▸ **Work request**: Return the stretch from the line with "Adult males develop" through the line with "HDMIから入力して、映像を" in the data below, character for character, skipping all pictures.

▸ **Study material**:
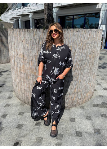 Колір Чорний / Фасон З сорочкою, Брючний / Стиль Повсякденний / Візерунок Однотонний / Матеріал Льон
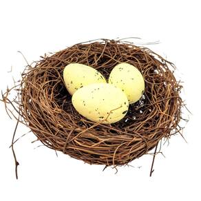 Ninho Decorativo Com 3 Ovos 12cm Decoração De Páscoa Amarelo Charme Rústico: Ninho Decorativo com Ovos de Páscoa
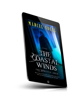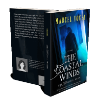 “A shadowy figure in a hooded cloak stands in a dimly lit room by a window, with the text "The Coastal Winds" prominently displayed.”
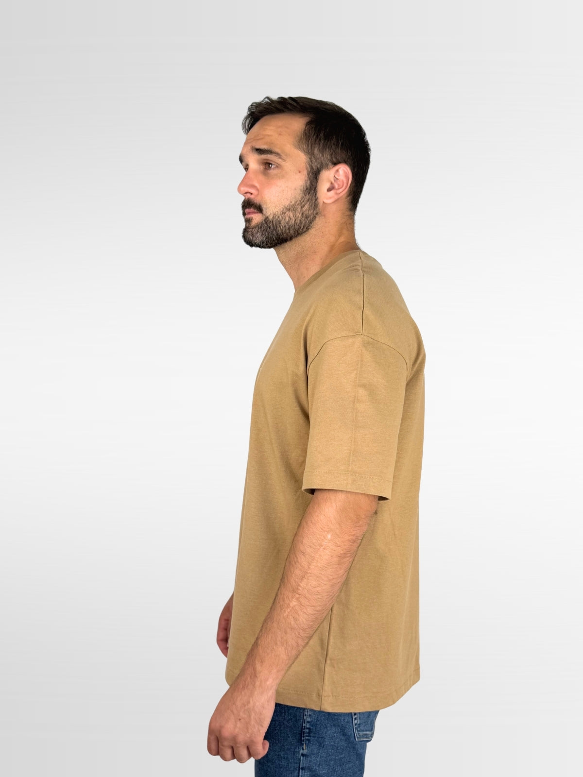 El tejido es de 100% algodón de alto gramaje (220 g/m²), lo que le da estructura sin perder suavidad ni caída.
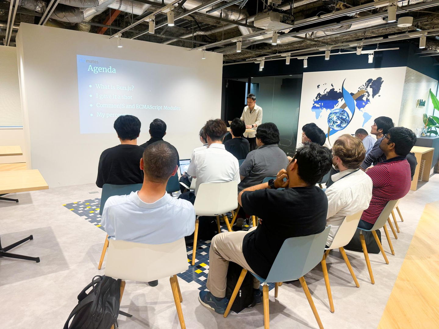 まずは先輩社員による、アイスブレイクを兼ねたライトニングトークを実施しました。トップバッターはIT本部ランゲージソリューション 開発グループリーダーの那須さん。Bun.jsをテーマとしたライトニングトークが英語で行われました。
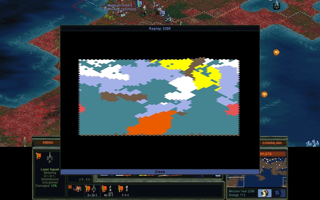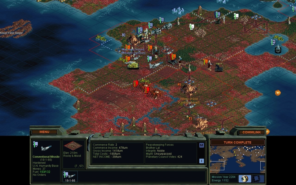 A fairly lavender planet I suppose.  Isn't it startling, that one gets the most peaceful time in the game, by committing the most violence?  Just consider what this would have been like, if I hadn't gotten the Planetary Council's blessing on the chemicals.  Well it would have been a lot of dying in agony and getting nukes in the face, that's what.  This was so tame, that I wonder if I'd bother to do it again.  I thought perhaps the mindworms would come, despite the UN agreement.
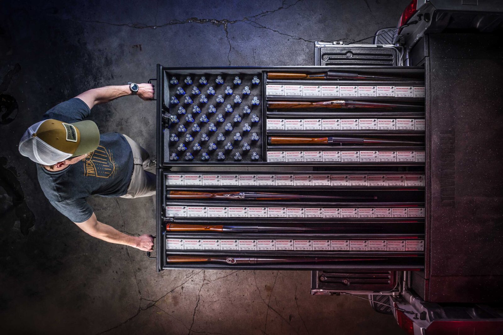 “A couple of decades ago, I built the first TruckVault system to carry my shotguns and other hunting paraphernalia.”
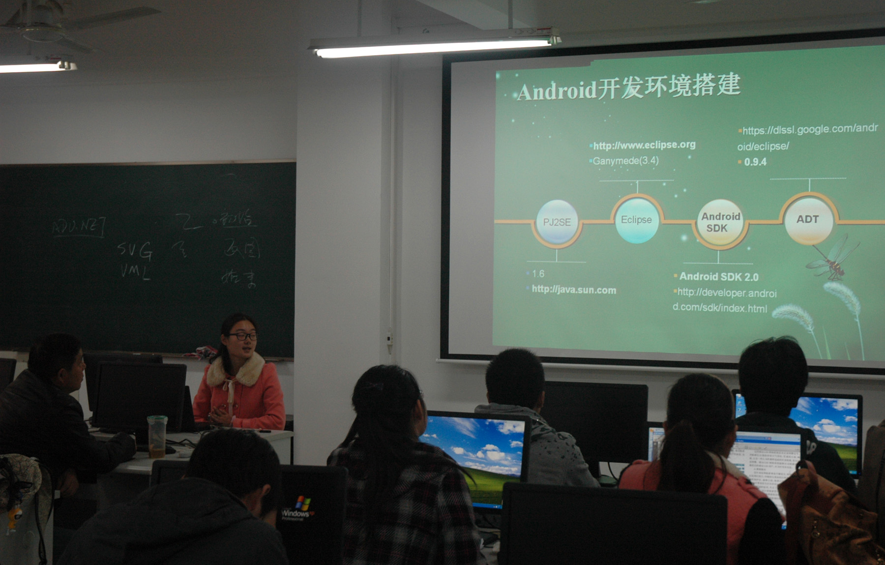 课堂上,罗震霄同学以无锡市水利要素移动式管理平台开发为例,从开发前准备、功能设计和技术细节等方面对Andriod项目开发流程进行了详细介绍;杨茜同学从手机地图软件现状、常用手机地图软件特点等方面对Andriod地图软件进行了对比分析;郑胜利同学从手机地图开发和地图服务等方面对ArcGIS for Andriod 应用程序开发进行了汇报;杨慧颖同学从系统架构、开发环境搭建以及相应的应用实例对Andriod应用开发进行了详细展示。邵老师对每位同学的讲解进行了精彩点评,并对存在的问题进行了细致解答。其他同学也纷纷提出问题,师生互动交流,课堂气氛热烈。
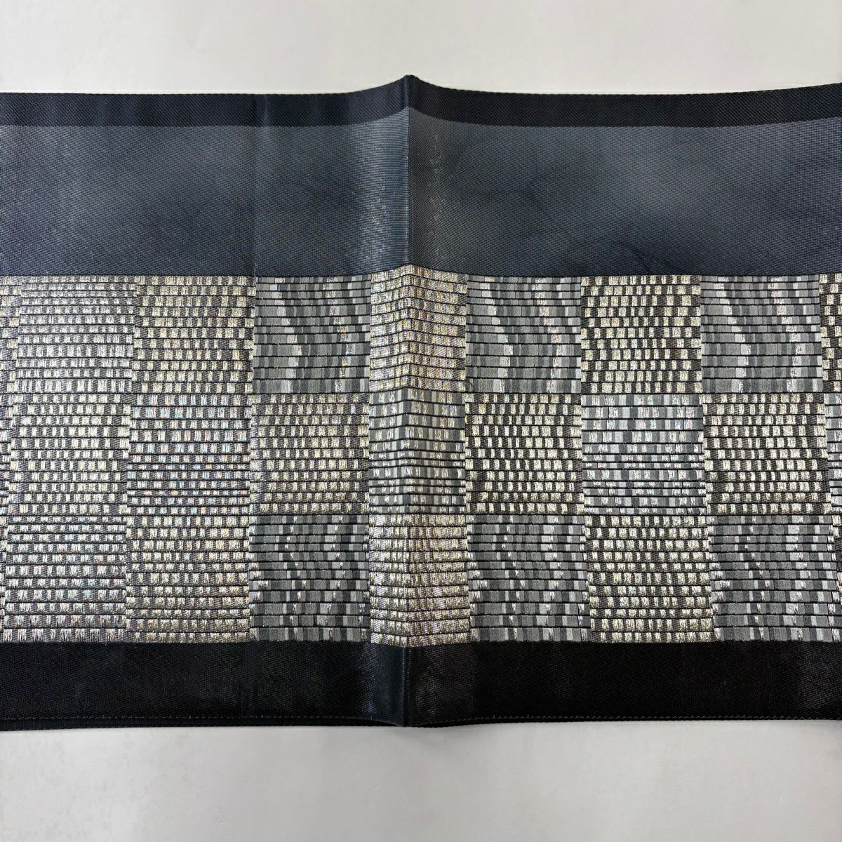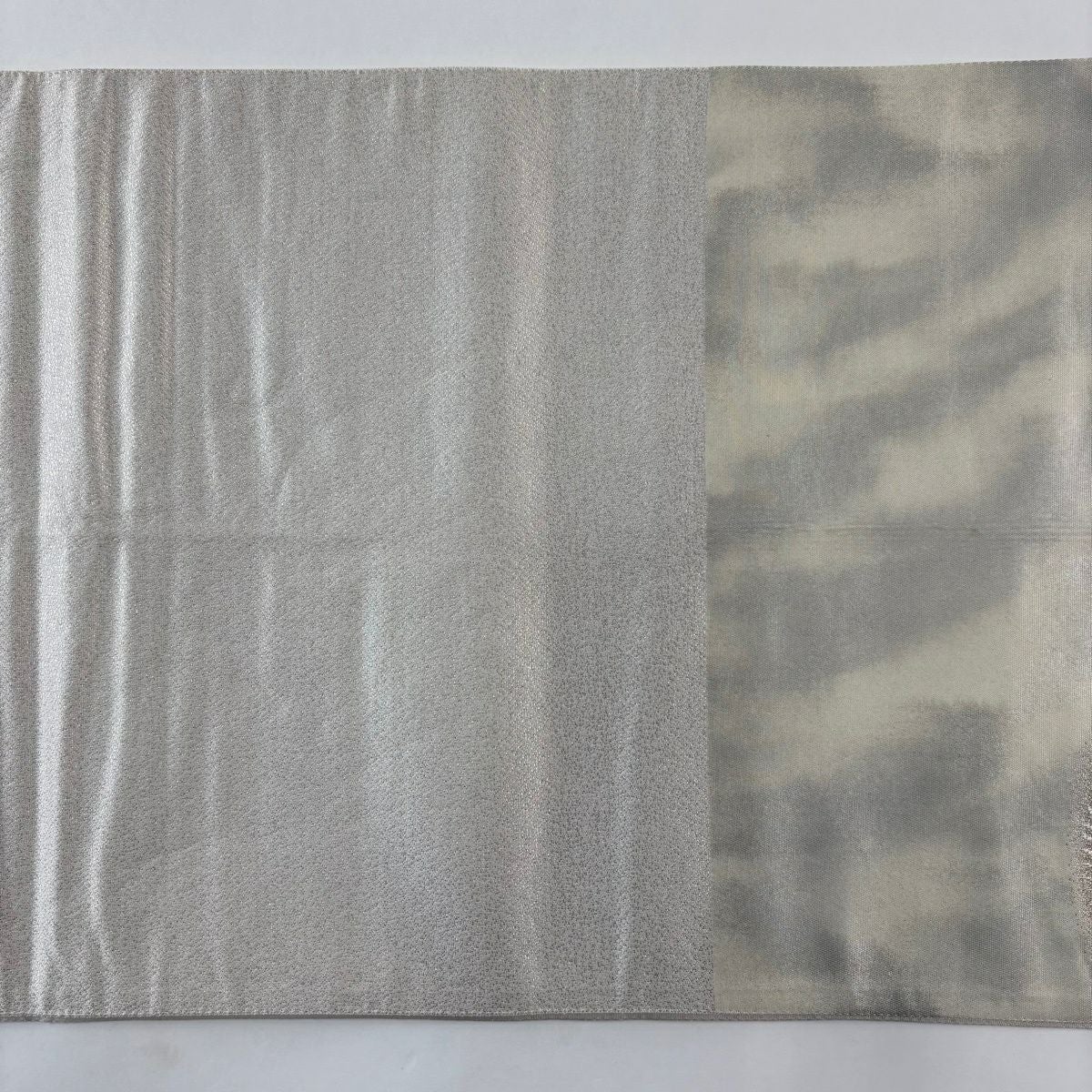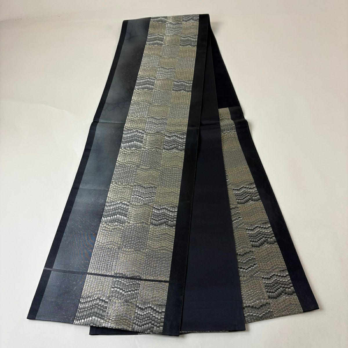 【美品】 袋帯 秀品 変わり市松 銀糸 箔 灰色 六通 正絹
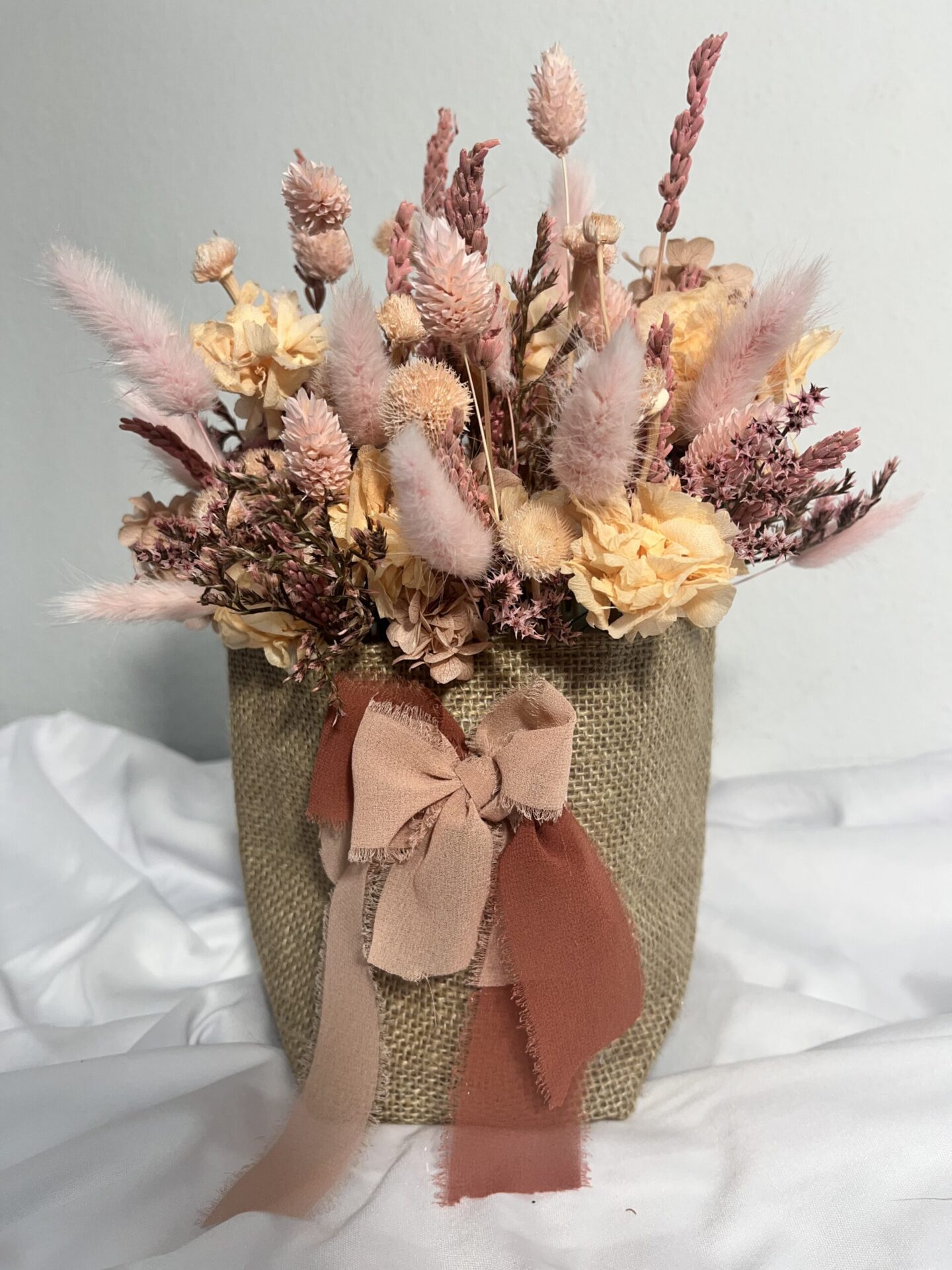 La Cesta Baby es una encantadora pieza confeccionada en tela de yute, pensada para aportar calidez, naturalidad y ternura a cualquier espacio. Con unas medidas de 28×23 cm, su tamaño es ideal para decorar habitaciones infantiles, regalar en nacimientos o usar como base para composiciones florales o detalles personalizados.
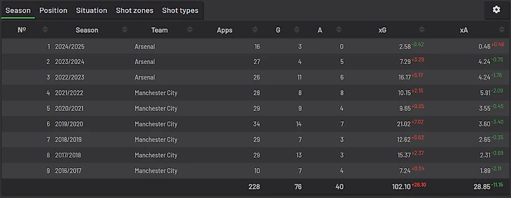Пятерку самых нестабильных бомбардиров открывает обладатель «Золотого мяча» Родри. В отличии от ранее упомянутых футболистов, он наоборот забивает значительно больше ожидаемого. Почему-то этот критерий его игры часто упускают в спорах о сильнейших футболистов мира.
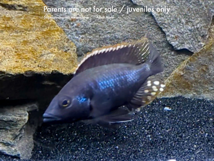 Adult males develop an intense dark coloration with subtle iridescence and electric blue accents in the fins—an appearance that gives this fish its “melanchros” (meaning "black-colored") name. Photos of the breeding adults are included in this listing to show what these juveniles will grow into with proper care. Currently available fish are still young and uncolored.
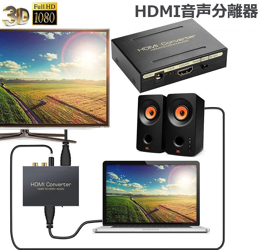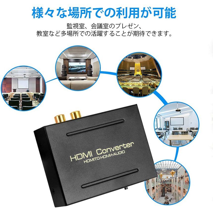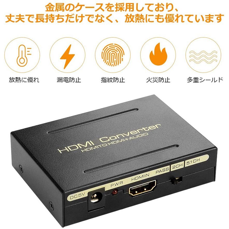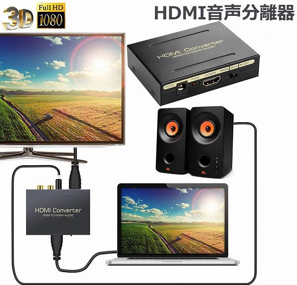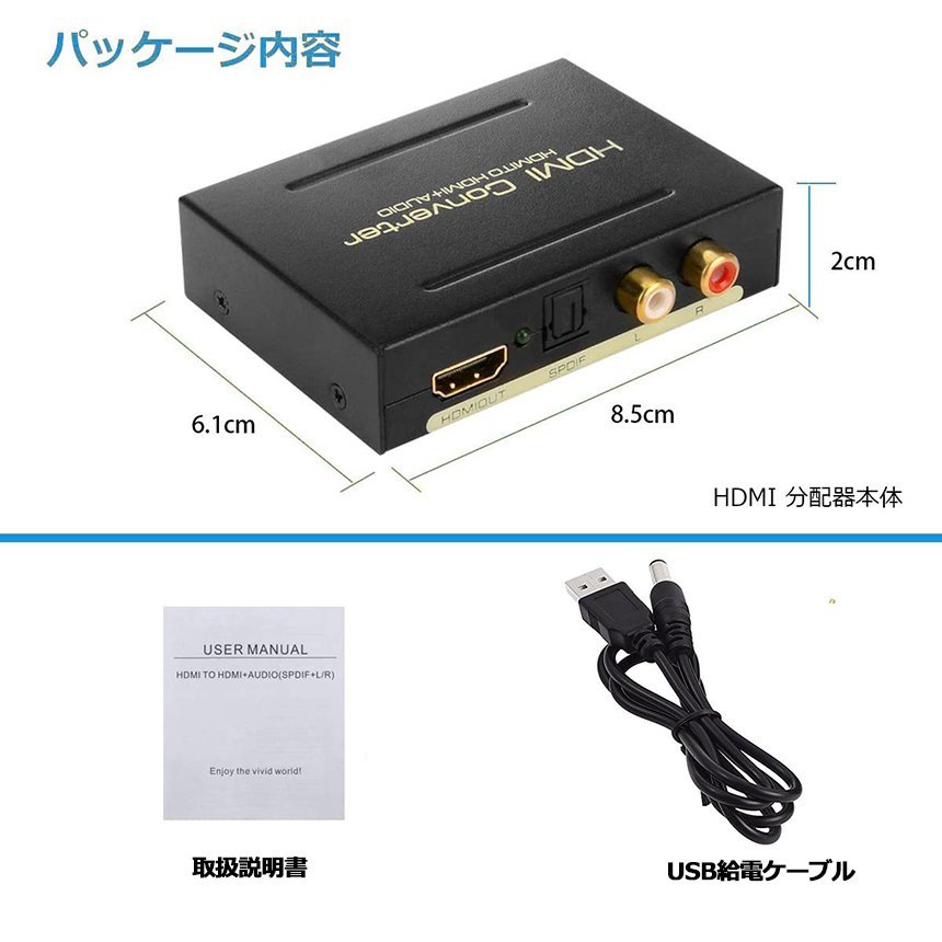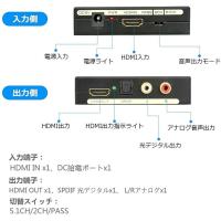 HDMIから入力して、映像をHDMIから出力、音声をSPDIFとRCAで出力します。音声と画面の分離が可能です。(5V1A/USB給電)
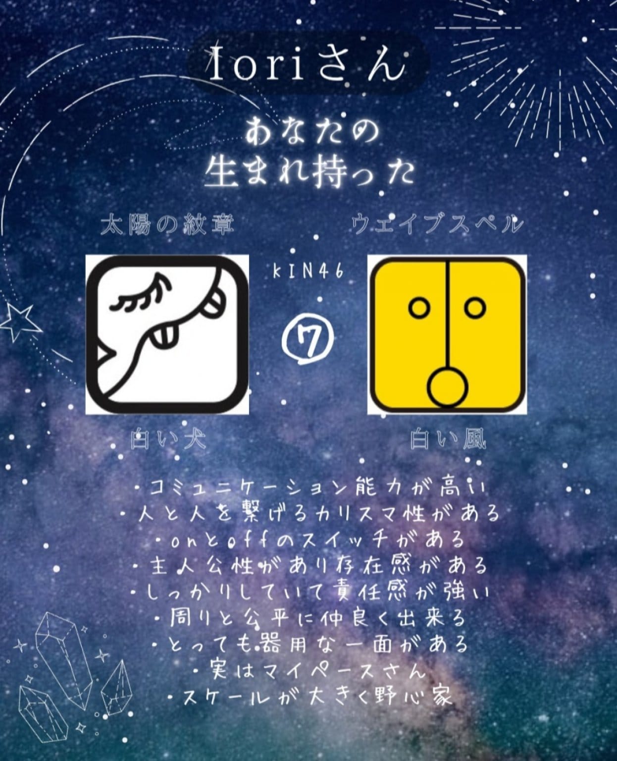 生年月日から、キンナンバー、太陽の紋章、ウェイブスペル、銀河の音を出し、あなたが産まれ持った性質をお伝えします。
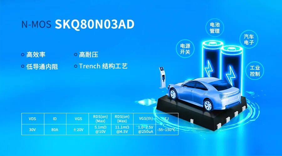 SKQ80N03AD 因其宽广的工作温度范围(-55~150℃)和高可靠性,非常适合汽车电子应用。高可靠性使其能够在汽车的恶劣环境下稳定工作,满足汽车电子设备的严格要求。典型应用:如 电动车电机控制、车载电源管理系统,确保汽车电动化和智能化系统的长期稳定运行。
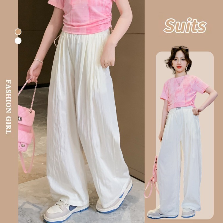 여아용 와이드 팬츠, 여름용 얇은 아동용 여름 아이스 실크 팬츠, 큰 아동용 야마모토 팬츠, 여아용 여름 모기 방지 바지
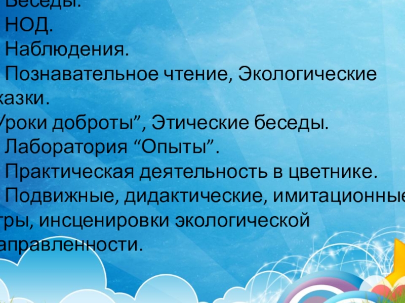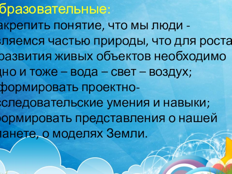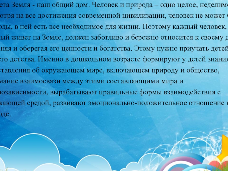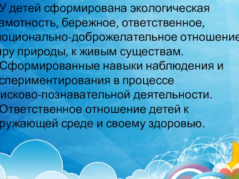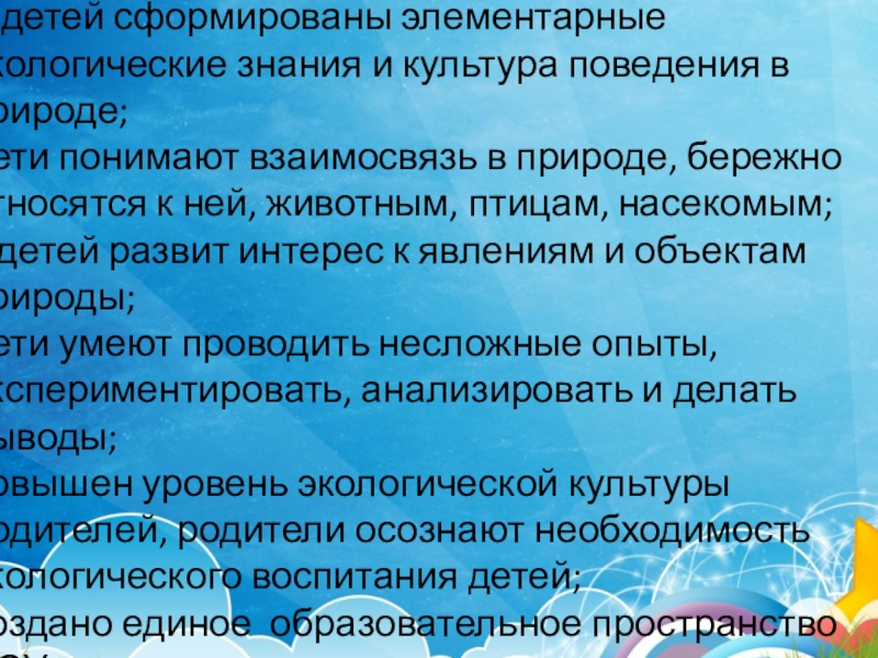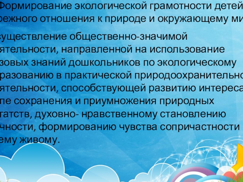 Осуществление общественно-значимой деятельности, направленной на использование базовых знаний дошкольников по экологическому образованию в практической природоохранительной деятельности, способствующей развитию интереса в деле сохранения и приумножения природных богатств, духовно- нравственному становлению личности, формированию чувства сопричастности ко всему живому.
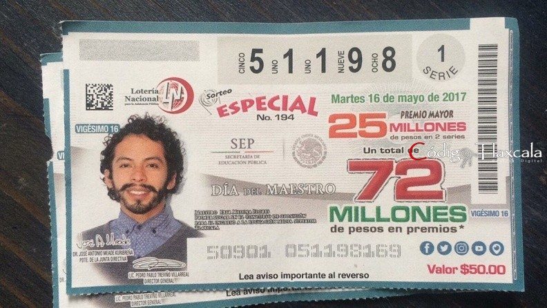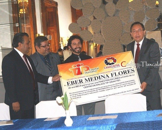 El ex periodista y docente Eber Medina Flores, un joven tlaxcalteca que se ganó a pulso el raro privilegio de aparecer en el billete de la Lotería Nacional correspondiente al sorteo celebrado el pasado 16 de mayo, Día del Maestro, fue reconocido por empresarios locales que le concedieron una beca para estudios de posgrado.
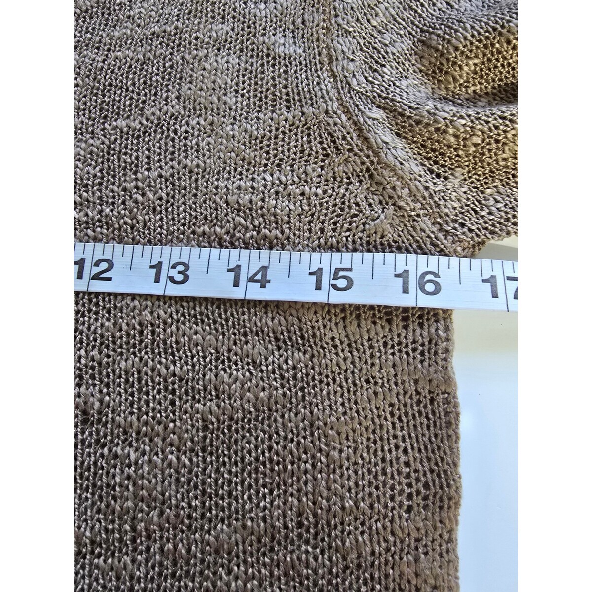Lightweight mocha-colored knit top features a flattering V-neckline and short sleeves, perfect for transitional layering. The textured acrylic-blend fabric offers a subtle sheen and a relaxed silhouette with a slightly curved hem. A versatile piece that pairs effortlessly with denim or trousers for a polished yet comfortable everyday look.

▸ **Task result**:
 Adult males develop an intense dark coloration with subtle iridescence and electric blue accents in the fins—an appearance that gives this fish its “melanchros” (meaning "black-colored") name. Photos of the breeding adults are included in this listing to show what these juveniles will grow into with proper care. Currently available fish are still young and uncolored.
 HDMIから入力して、映像をHDMIから出力、音声をSPDIFとRCAで出力します。音声と画面の分離が可能です。(5V1A/USB給電)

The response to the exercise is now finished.